-
W Chinach odkryto nowy gatunek wymarłego kota szablozębnego, Taotienimravus songi, który żył 28 milionów lat temu.
-
Nimrawidy były wczesnymi kotami szablozębnymi, które wykształciły imponujące kły służące do skutecznego polowania na duże ofiary.
-
Te drapieżniki zagospodarowały różne nisze ekologiczne i mimo że dziś nie mają żyjących potomków, ich różnorodność i techniki łowieckie są przedmiotem naukowych badań.
-
Więcej podobnych informacji znajdziesz na stronie głównej serwisu
Były kotami szablozębnymi, gdyż ich kły były rozrośnięte i wystawały z paszczy. Nie zawsze jednak tak wyraźnie jednak jak u późniejszych tygrysów szablozębnych, takich jak Machairodus czy wielki Smilodon z Ameryki Północnej.
Bo też nimrawidy to dość wczesne kotowate, które wytworzyły tak wielkie kły służące do zadawania potężnych ciosów ofiarom. Za ich pomocą drapieżnik mógł zaatakować newralgiczne miejsca na ciele potencjalnej zdobyczy, np. naczynia jak aorta. I szybko ją zabić, bez mocowania się i narażania na urazy.
Tak koty szablozębne powalały zapewne nawet zwierzęta większe od siebie, których nie brakowało w epoce megafauny. Później długie kły nieco przeszkadzały w zjadaniu ofiary do końca, więc zakłada się, że koty te pożerały jedynie najbardziej dostępne jej części i pozostawiały sporo resztek, z czego korzystali padlinożercy. A kot szablozębny był w stanie zabić kolejne zwierzę.

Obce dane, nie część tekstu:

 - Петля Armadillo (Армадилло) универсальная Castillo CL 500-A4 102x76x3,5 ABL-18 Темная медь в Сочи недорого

Nimrawidy to koty, którym kły wyrastały ze szczęk
Nimrawidy opracowały tę technikę łowiecką już 40 mln lat temu, jako jedne z pierwszych. Była ona przez długi czas powszechna, chociaż nie mamy już dzisiaj żadnych szablozębnych kotów. Te wymarły zastąpione przez koty właściwe, z którymi zapewne w przeszłości żyły przez jakiś czas równolegle i konkurowały.
Zdaniem naukowców wszystkie linie kotów szablozębnych wymarły bezpotomnie i żadni współcześni członkowie rodziny kotowatych nie są z nimi spokrewnieni. Nawet pantera mglista z deszczowych lasów Azji Południowo-Wschodniej, o której mówi się, że ma najdłuższe kły wśród kotów i porównuje się ją niekiedy z tymi wielkimi drapieżnikami z przeszłości.

Nimrawidy żyły na Ziemi od 41 do 7 mln lat temu i niekiedy nazywa się je „fałszywymi kotami szablozębnymi”. Przez ten czas stworzyły wielką różnorodność. Niektóre z tych drapieżników, jak Barbourofelis fricki, miały ogromne rozmiary – wręcz największych obecnie tygrysów, czyli nawet ponad 300 kg wagi.
Inne, jak Albanosmilus jourdani, osiągał gabaryty jaguara, ale mieliśmy też koty takie jak Nanosmilus z Nebraski w USA, który nie był większy od rysia. Dinictis z kolei był zapewne jeszcze mniejszy.
Wszystkie te nimrawidy uważano niegdyś za grupę najbliżej spokrewnioną z obecnymi kotowatymi i były teorie łączące je nawet w jedno. Zarzucone, gdyż także nimrawidy nie mają dzisiaj żadnych potomków i po prostu zniknęły na dobre.
Chiński kot szablozębny o zębach jak psy
Kot żył w rejonie Qingshuiying w Chinach przed 28 mln lat. Jest to o tyle ciekawe, że po pierwsze, mało wiemy o nimrawidach w tej części Eurazji, a po drugie – ten chiński kot miał bardzo krótki i masywny górny kieł oraz szerokie podniebienie.
To sugeruje, że nie polował jak inne koty szablozębne, ale stosował atak rozrywający podobny do tego, po jaki sięgają obecne hieny czy likaony. To zaskakujące przy takich zębach. Zgryz tego zwierzęcia bardziej jednak przypominał ten u psów niż kotów.
To może być dowód na tezę, że nimrawidy zagospodarowały o wiele więcej nisz ekologicznych niż nam się zdaje i stworzyły wiele wszechstronnych gatunków o różnym sposobie zdobywania pokarmu. Korzystały z tego, że nie miały wówczas konkurencji.
Nimrawidy ostatecznie wymarły. Jeden z ostatnich, jakim był ogromny Albanosmilus może przez jakiś czas żył i konkurował w Eurazji z tygrysami szablozębnymi takimi jak Amphimachairodus i Machairodus i to przez przez ponad milion lat. Nawet on jednak zniknął bezpotomnie.